Insgesamt sind an den elf Festivaltagen bis zum 11. August rund 500 kurze und lange Filme zu sehen. Produktionen aus Asien und den USA bilden dabei quantitativ einen Schwerpunkt. Zum 60. Jubiläum gibt es zahlreiche Spezialreihen, so die Retrospektive mit Filmen von heute berühmten Regisseuren, die einst als Unbekannte in Locarno erste Arbeiten vorgestellt hatten, etwa Claude Chabrol aus Frankreich, István Szabó aus Ungarn und Mike Leigh aus Großbritannien. Beiträge aus Ländern, in denen die Filmindustrie noch im Entstehen ist, werden in der Sektion "Open Doors" vorgestellt, in diesem Jahr mit dem Schwerpunkt Naher und Mittlerer Osten. Die Hommage "Signore e Signore" zeigt die schönsten Filme italienischer Schauspiel-Diven, zum Beispiel von Anna Magnani, Sophia Loren und Claudia Cardinale. Erstmals wird in diesem Jahr ein Kurzfilmwettbewerb veranstaltet.

Prominente, Glanz und Glamour

Zu den Prominenten, die dem Festival diesmal zu Glanz verhelfen, gehört Anthony Hopkins als Darsteller und Regisseur des Wettbewerbsfilms "Slipstream", in dem auch Christian Slater mitspielt. Die ersten Preisträger dieses Jahres stehen bereits fest: Die spanische Schauspielerin Carmen Maura, der französische Schauspieler Michel Piccoli und der taiwanesische Regisseur Hou Hsiao-hsien werden für ihr Lebenswerk geehrt.

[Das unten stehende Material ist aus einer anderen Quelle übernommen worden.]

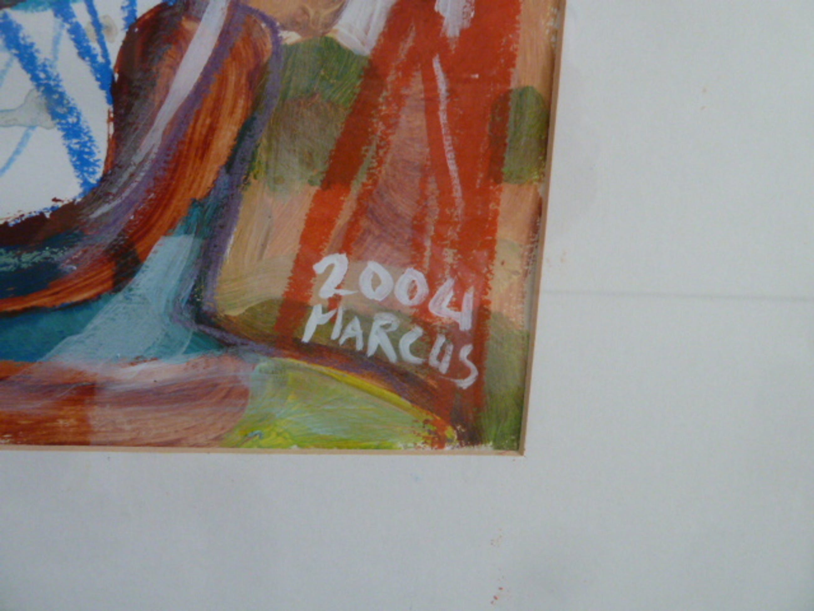 Marcus heeft dit werk op papier gemaakt en verschillende technieken toegepast onder andere krijt en aquarel.
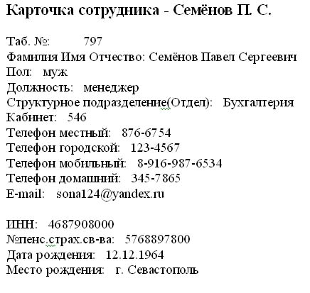 Если нажать на белый квадратик (рис. 2.2.9),то внутри него появится галочка. Тогда , если нажать на кнопку , то все данные карточки сотрудников передадутся в MS Word ( рис. 2.2.10). |
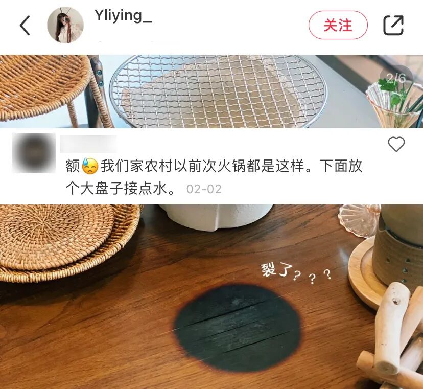 不光食材会烤糊,桌子也会烤糊,还有人接连烫坏好几个桌子都不放弃。

In Deutschland ist die Spannung groß, ob der Erfolg des Vorjahres wiederholt werden kann. Der Goldene Leopard für den besten Film ging an die schweizerisch-deutsche Koproduktion "Das Fräulein". Das später oscargekrönte Stasi-Drama "Das Leben der anderen", vorgestellt auf der Piazza Grande, gewann den begehrten Publikumspreis, "Verfolgt" den Hauptpreis des vor einem Jahr neu gegründeten Wettbewerbs "Filmemacher der Gegenwart", in dem Innovativ-Ungewöhnliches vorgestellt wird, und Burkhart Klaußner wurde als bester Hauptdarsteller für seine Rolle in "Der Mann von der Botschaft" geehrt.